Patient 2 is a 61-year-old white man who presented with proteinuria of 3.5 g/24 h. His serum creatinine was 0.5 mg/dl. Evaluation for a monoclonal gammopathy was negative. Mass spectrometry of the kidney biopsy detected the APOC2 p.Lys41Thr protein. After 4 years of follow-up, patient continued to have proteinuria of 3.8 g/24 h and his serum creatinine is 1.01 mg/dl.

Patient 3 is a 68-year-old white woman who presented with proteinuria of 3 g/24 h. Her serum creatinine at the time was 0.5 mg/dl. Her family history was positive for kidney disease in her father. Mass spectrometry of the kidney biopsy detected the APOC2 p.Lys41Thr protein (initially reported as unknown type). During evaluation, she was found to have a monoclonal IgM lambda paraprotein, and a bone marrow biopsy showed 4% plasma cells. She underwent an autologous stem cell transplantation without any clinical response in her proteinuria. After 3 years of follow-up, she continues to have significant proteinuria (4.8 g/24 h). Her serum creatinine is 0.9 mg/dl.

Patient 4 is an 86-year-old African American woman who presented with proteinuria and a rise in serum creatinine (1.6 mg/dl at presentation). Urinary protein was not quantitated at presentation but urinalysis showed 3+ proteinuria. Laboratory evaluation revealed positive antinuclear antibodies and elevated double-stranded DNA antibody titers but no monoclonal Igs. Mass spectrometry of the kidney biopsy specimen detected the APOC2 p.Lys41Thr protein (initially reported as unknown type). After a follow-up of 2 years, the patient’s serum creatinine had gone up to 3.0 mg/dl and she continues to have 3+ proteinuria.

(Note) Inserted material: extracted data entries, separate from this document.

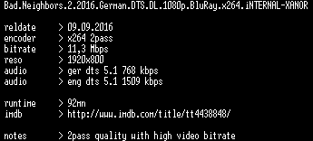 | FiLENAME: | Bad.Neighbors.2.2016.German.DTS.DL.1080p.BluRay.x264.iNTERNAL-XANOR.mkv |
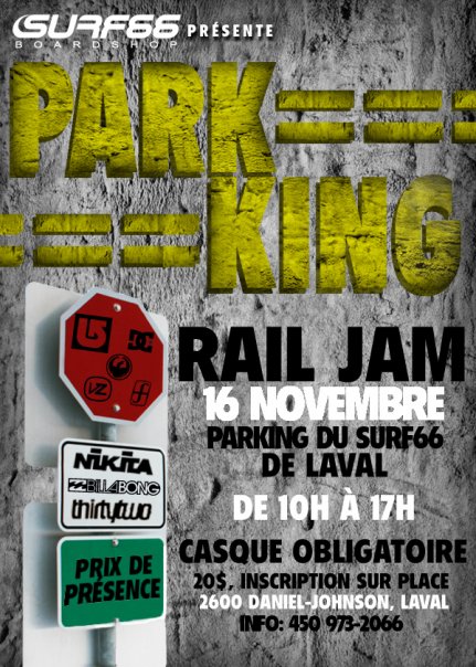 Surf 66 Boardshop présente ce dimanche 16 novembre, un rail jam amical dans le stationnement de son établissement de Laval. Dès 10h, venez montrer aux autres riders présents que vous n’avez pas perdus vos « bagel in » et vos « pretzel out » durant la saison morte. Inscription 20$, casque obligatoire et prix de présence, vous vous en voudrez longtemps si vous manquer cela!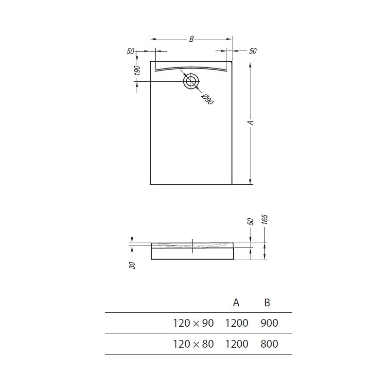 Sifonul (∅90 mm) se comanda separat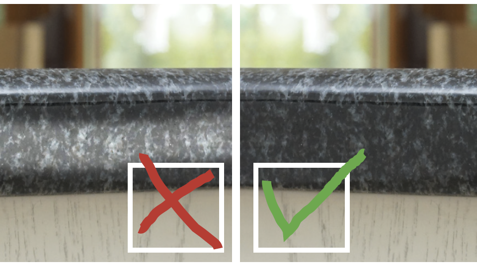 Przecinasz płytę, a tu się okazuje, że była barwiona lub żywicowana powierzchniowo. Efekt widział chyba każdy: bok blatu ma inny – zwykle jaśniejszy – kolor i żadne polerowanie nie pomoże. Zwłaszcza, jeśli materiał był chemicznie przycieminiony.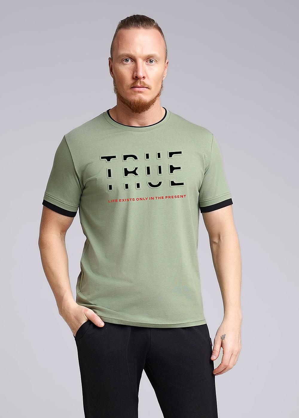 Футболка из трикотажного полотна с круглой горловиной и коротким рукавом. По горловине и низу рукавов конрастные отделки. Дополнена объемным принтом. Отличный вариант для встреч с друзьями и поргулок.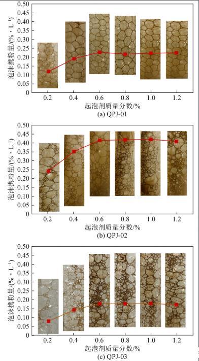 在臨界濃度范圍內(nèi)的QPJ-03濃度越高,小氣泡數(shù)量逐漸增長,泡沫趨于綿密,因此,起泡劑質(zhì)量分?jǐn)?shù)小于0.6%攜粉量逐漸增長。QPJ-03泡沫整體均勻性較差,泡徑差別較大,這是導(dǎo)致QPJ-03泡沫穩(wěn)定性較差、半衰期較短的原因,也是造成QPJ-03單位體積泡沫攜粉量較少的原因。QPJ-01與QPJ-03隨濃度增長,氣泡間液膜厚度增長較為明顯。因此結(jié)合半衰期,泡沫直徑大較泡沫直徑大小不均對(duì)泡沫穩(wěn)定性影響更為嚴(yán)重。
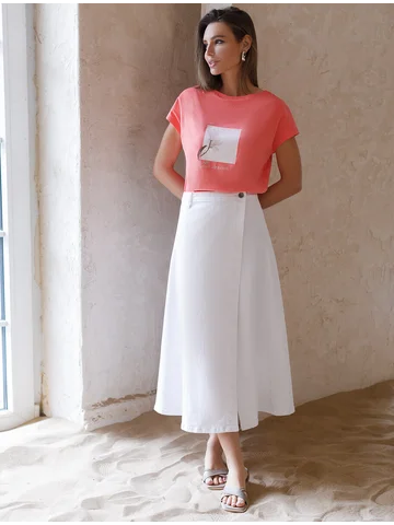 Футболка с цельнокроеным рукавом выполнена из премиального хлопка с эластаном. Авторский принт нанесен красками с устойчивым покрытием, надпись серебристой фольгой. Изделие отлично держит форму, почти не мнется и комфортно сидит по фигуре. Отдельным украшением служит металлический логотип бренда.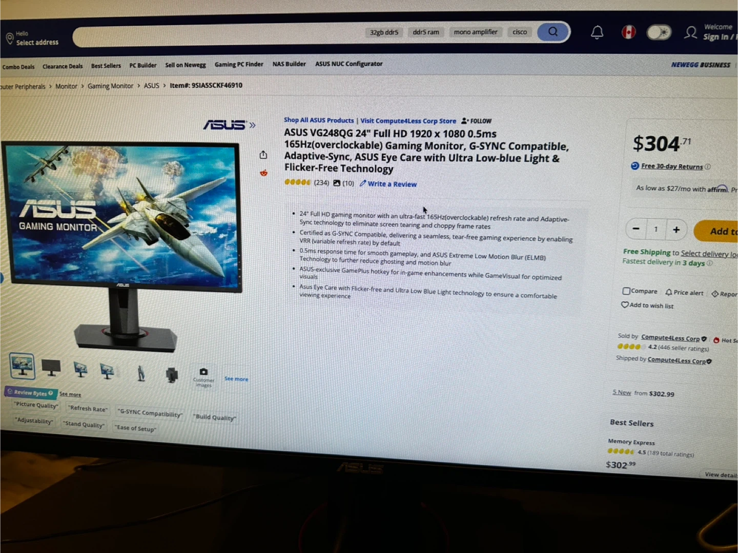 ASUS VG248QG 24" Full HD 1920 x 1080 0.5ms 165Hz(overclockable) Gaming Monitor, G-SYNC Compatible, Adaptive-Sync, ASUS Eye Care with Ultra Low-blue Light & Flicker-Free Technology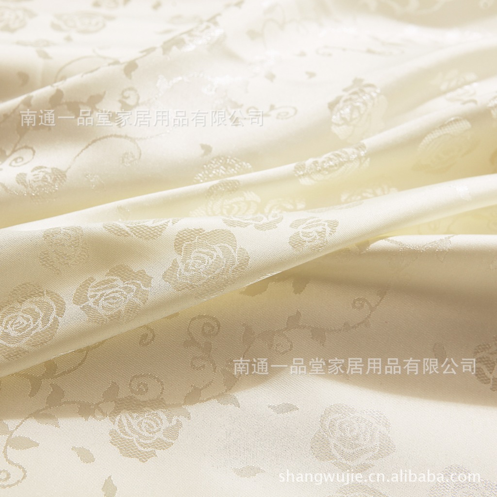高檔仿真絲大提花被芯麵料,T68D*T100d*173*105,現貨顏色有珍珠白/淺玉/淺粉/淺白四色,采用超細旦滌綸絲作原料,提花交織而成。它既有真絲的柔軟滑爽和光澤,又有棉的透氣性好,吸濕性強的優點。是做高檔被芯麵料的絕佳選擇。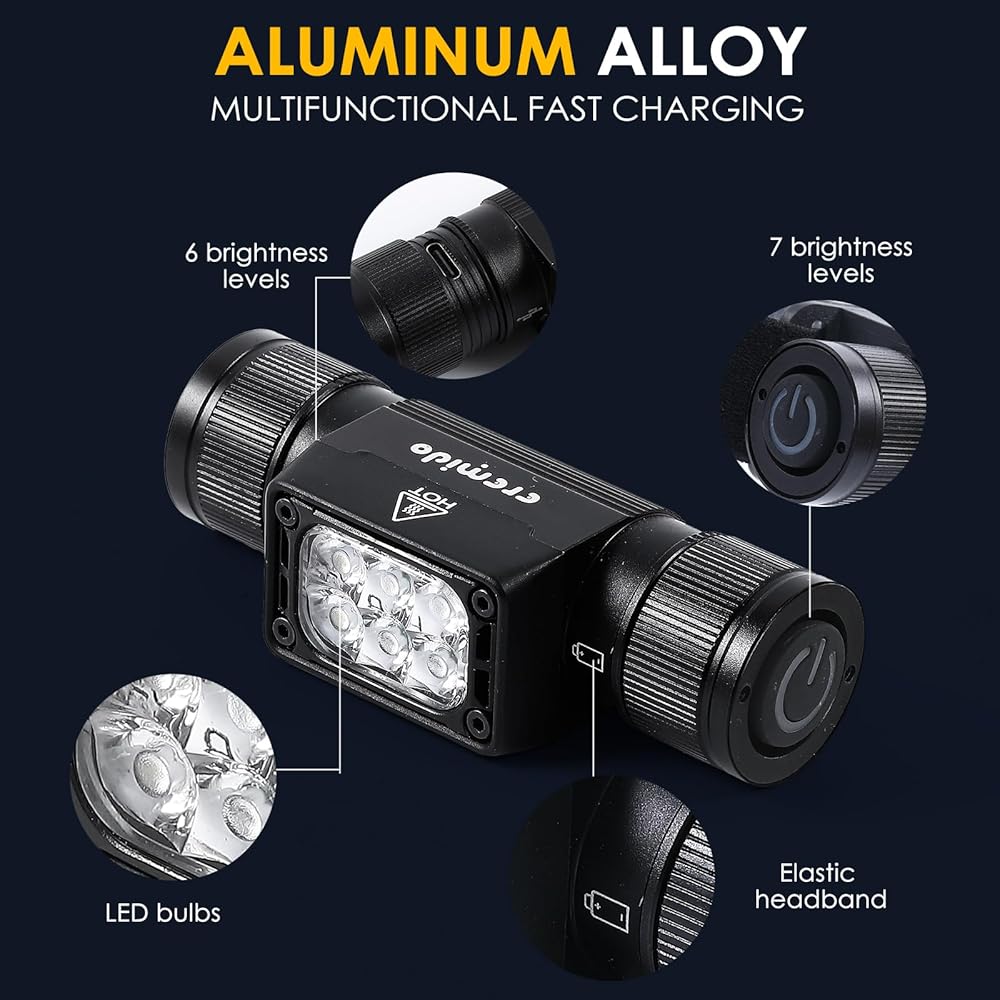 〖What is the difference in choosing us〗 Have you ever seen a headlight with six lamp beads? The EREMIDO headlights are available in three different lighting modes: white, green, and red. There are seven modes to switch between, providing batteries and sustainable charging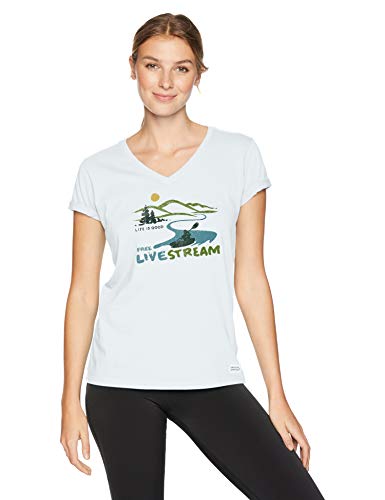 Life is Good Womens Camping Graphic T-Shirt V-Neck Collection,Live Stream,Cloud White,Large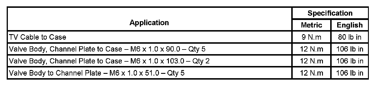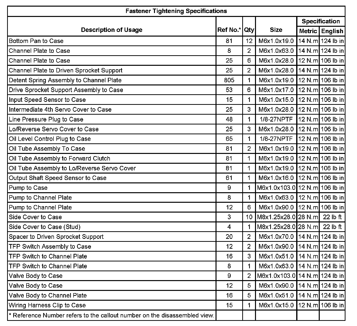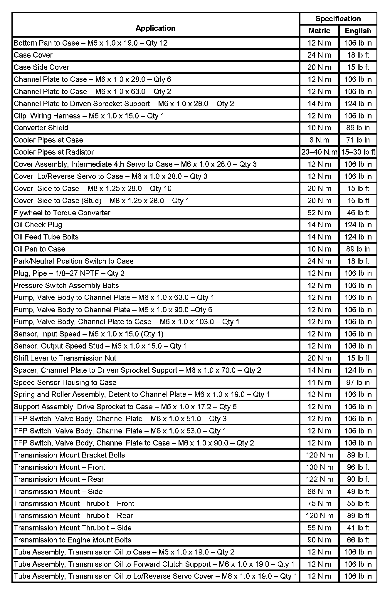 Fastener Tightening Specifications: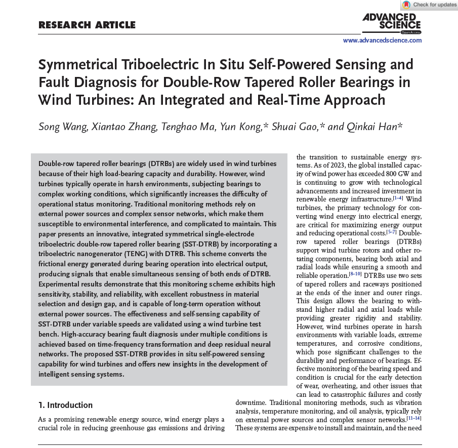 近日,北京理工大学机械与车辆学院孔运副教授,联合清华大学、重庆大学等单位,在国际顶级期刊《Advanced Science》公开报道了一种对称单电极式摩擦电智能轴承(SST-DTRB),巧妙设计了摩擦纳米发电机与双列圆锥滚子轴承的智能集成样机,实现了风力发电机双列圆锥滚子轴承的原位自供能状态感知与智能故障诊断,突破了微纳发电、能量采集和智能状态感知于一体的智能结构集成设计技术。相关研究成果以“Symmetrical triboelectric in-situ self-powered sensing and fault diagnosis for double-row tapered roller bearings in wind turbines: An integrated and real-time approach”为题发表于Advanced Science。北京理工大学孔运副教授、清华大学韩勤锴副研究员、重庆大学高帅教授为本文共同通讯作者。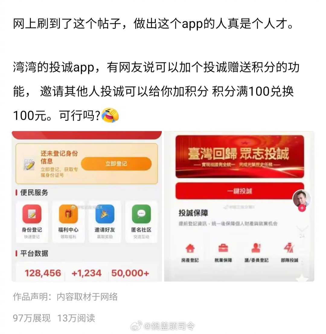 这个#台湾 投诚APP#我之前就注意到了[允悲][允悲],当时在隔壁平台发了一下,近100万曝光[笑cry][笑cry],讨论十分热烈。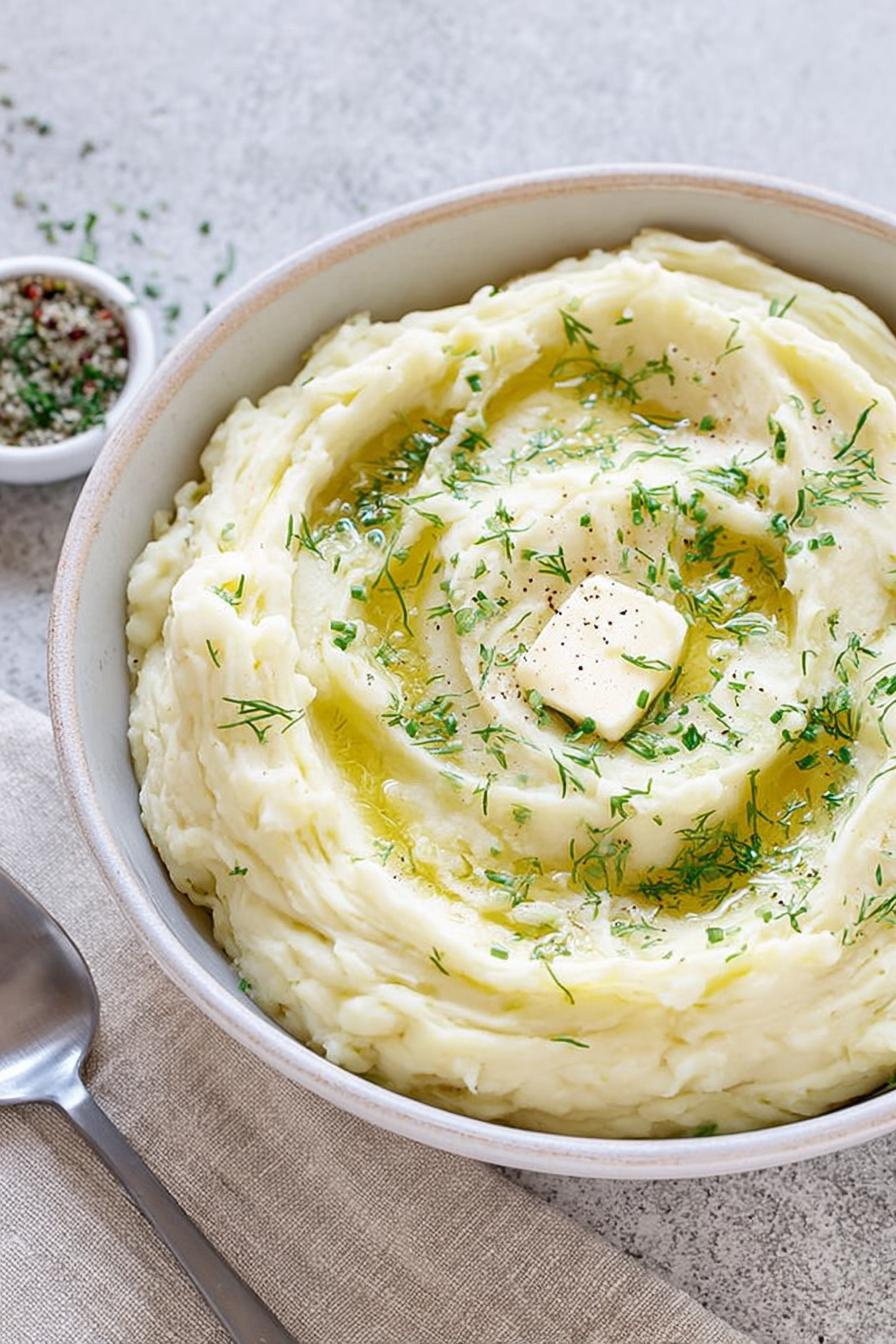 - Scatter chopped chives over steaming mounds just before serving. The fresh green flecks on creamy white contrast and their mild onion pop plays well with dill. The mash arrives mousse-soft and bursting with garlicky-herbal hints without overpowering. Serve alongside roasted chicken or grilled steak for a no-fuss crowd-pleaser.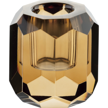 Mooie glazen kandelaar in een bruine kleur. De kandelaar is verkrijgbaar in verschillende kleuren wat het extra leuk maakt om deze met elkaar te combineren. De kandelaar is zo'n 5 cm hoog.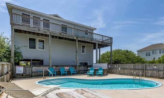 Enjoy all that Duck has to offer at this lovely Outer Banks vacation rental. Plenty of room, a private pool, and many more convenient amenities await you at 'Carpe Duckem'. It's an easy walk for a day at the beach, or you can spend your time enjoying the private pool and hot tub at the property. You will love the pool deck area with plenty of room to recline in the sun while the kids play. Evenings under the stars while soaking away a year's worth of stress in the poolside hot tub are yours if you like. Kids of all ages will enjoy the foosball table. Wireless internet access is provided so you can stay connected all week at your leisure. Open kitchen with stainless steel appliances, you can cook and socialize at the same time. Just minutes from quaint village shopping, local eateries, coffee shops, bookstores, and water sports. Head south for movies or north for Wild Horse tours. This outstanding Duck vacation property is centrally located so you can have the best of everything at 'Carpe Duckem'.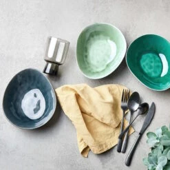 Zurück zur Natur: Unsere De La Roya Schalen im 4er-Set aus Steinzeug sind von organischen Formen, von Blättern und Pflanzen inspiriert. Und das inspiriert Sie dazu, zu Hause mal etwas ganz Neues auf den Tisch zu bringen.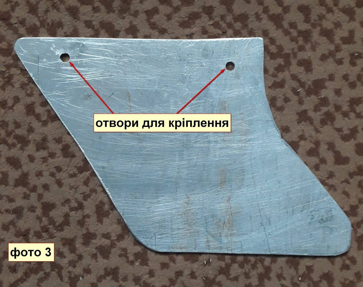 Тож вирішив покращити конструкцію, збільшивши глибину, а відповідно і площу. Зробив це наступним чином: заготував дві пластини з алюмінієвого сплаву (фото 3). Глибина пластини 15,5 см, а площа однієї пластини 260 см2. У стандартному перу на кожному бортику просвердлив по два отвори для кріплення додаткових пластин (фото 4).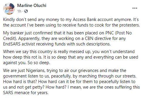 Marline Oluchi revealed that her banker told her that they are working on a CBN directive for any #EndSARS activist receiving funds with such descriptions.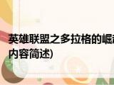 大家好,今天小方来说说一篇关于英雄联盟之多拉格的崛起,关于英雄联盟之多拉格的崛起部分内容简述的文章,那么现在就为大家来简单介绍下, 浏览全文>>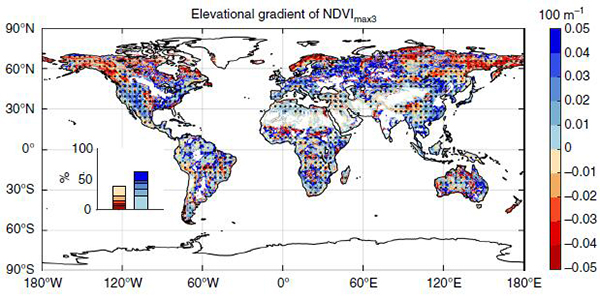 该研究成果以“Divergent changes in the elevational gradient of vegetation activities over the last 30 years”为题发表在《自然-通讯》(Nature Communications)(DOI:10.1038/s41467-019-11035-w)。2018级硕士研究生高蒙迪为第一作者,朴世龙教授为通讯作者。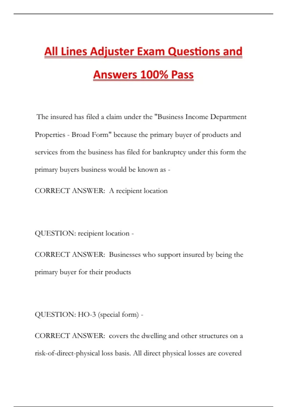 All Lines Adjuster Exam Questions and Answers 100% Pass

Patient 5 is a 69-year-old obese white woman who presented with proteinuria (5.9 g/24 h) and rising serum creatinine (increased to 3.1 mg/dl from a baseline of 1.7 mg/dl). She had a history of diabetes and hypertension for 20 years, although they were controlled. She had a family history of kidney disease. Protein electrophoresis was negative for monoclonal gammopathy. Mass spectrometry of the kidney biopsy specimen detected the APOC2 p.Lys41Thr protein.

Kidney Biopsy Findings

There were an average of 13.8 glomeruli present (range 5−34 glomeruli) per sample, of which an average of 5.4 (37.4%, range 2−13 glomeruli) glomeruli were globally sclerosed. Light microscopy showed mesangial and capillary wall expansion with acellular material, in all cases, forming large mesangial nodules. The nodules had a flaky/fluffy appearance, and although the nodules were large, the glomerular architecture could be appreciated. The nodules were weakly eosinophilic and were silver and periodic acid−Schiff negative. The interstitium showed absent to extensive (range 0%−80%) tubular atrophy and interstitial fibrosis. Arteries showed absent to moderate sclerosis of the intima. Congo red−positive amyloid deposits were present in all cases, although the Congo red was only weakly positive in 2 biopsy specimens. Amyloid was restricted to the glomeruli in all cases. Vascular or cortical/medullary interstitial amyloid deposits were absent. Immunofluorescence microscopy was negative for immune deposits in all 5 kidney biopsies. Electron microscopy showed large aggregates of amyloid fibrils in the mesangium and along capillary walls. Spicule formation was noted along the capillary walls in 1 case. Representative kidney biopsy findings from each patient are shown in Figure 1.

Figure 1.

Figure 1

Open in a new tab

Kidney biopsy findings. Light microscopy shows large acellular mesangial nodules that are periodic acid−Schiff stain negative and Congo red–positive. In some glomeruli, the large mesangial nodules may involve the glomerulus only segmentally. In addition, in some biopsy specimens, the Congo red stain is only weakly positive. The column on the right pertains to the Congo red stain. The column on the left pertains to hematoxylin and eosin except (a), which is a periodic acid−Schiff stain. Each row represents 1 patient: (a,b) patient 1; (c,d) patient 2; (e,f) patient 3; (g,h) patient 4; and (i,j) patient 5. Original magnification for all ×40, except for (a) and (i) (×20) and d (×10).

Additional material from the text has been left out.